Of course, she knows that “the opposite
happens, too, with that street artist who does a wonderful
little kick, but he’s missing the other thing, technique”.
That’s why she believes that the study routine is
fundamental. She has it and moreover, out of obligation,
since “with my problem, when I leave my back still
for two weeks, I can’t move”. Dancing is what
has healed her back injury caused by a car accident over
four years ago. “I’m not obsessed with technique.
What I have to be obsessed with is my baile, which is my
work and what I display when I get up on stage sure of what
I’m doing”, she elaborates. And back to balance:
“I don’t have a classical career,
but I do have to have my body trained technically to move
an arm, to be positioned. I can’t forget that there’s
something else inside an artist which keeps people in suspense.
What happens nowadays is that the audience is also kept
in suspense by technique, too. OK, but now stop and speak
to me with your regard, with your way of positioning, speak
to me motionless, speak to me with a simple jolt the way
Manuela Carrasco does or the way Eva Yerbabuena does. And
of course there are young people who manage to do that:
Rocío Molina, Rafael Estévez, Farruquito…
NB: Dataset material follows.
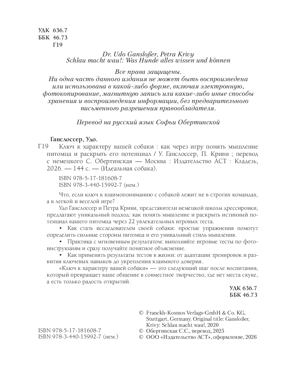 Удо Ганслоссер и Петра Криви, представители немецкой школы дрессировки, предлагают уникальный подход: как понять мышление и раскрыть истинный потенциал вашего питомца через 22 увлекательных игровых теста.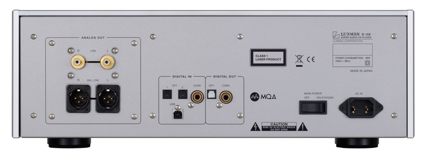 Lettore CD e SACD stereo con decodifica MQA, nuovi convertitori RHOM BD3430EKV, nuova meccanica di lettura LxTDM-i, nuovo circuito analogico bilanciato ODNF-u, ingresso USB per files HiRes PCM fino a 768kHz/32bit, DSD fino a 22.1 MHz, uscita analogica bilanciata XLR e RCA, 2 ingressi digitale ottici, ingresso digitale coassiale e digitale ottico, dimensioni (WxHxD) 440x154x418mm, peso 22,4 kg. Finitura Silver

But a time comes when people forget about that and to me,
that’s flamenco. It’s technique, but it’s
also the other thing… and the other thing overpowers
me more. What really fills me is to listen to a cante and
I don’t care what’s set up, because if the cantaor
twists me backwards, I’m going to do it backwards
and not forwards”.
To what extent are your shows tied
together?
Of course, improvisation happens at times
in dancing; it isn’t the whole of a staged show. In
‘7 de mayo’ there’s discipline, a musical
script, there are some bells which recall a birth at all
times… But within each baile there is that moment
of spark, which not only I might give to it, but maybe it’s
being given by the one singing or the one on guitar. There
are bailes in which I need certain freedom. In the soleá,
starting with the beaten-out bulería until the end,
I haven’t set up anything. For at least three minutes,
I depend on what I’m given by the guitar and the cante.
Spontaneity has to be there at specific moments.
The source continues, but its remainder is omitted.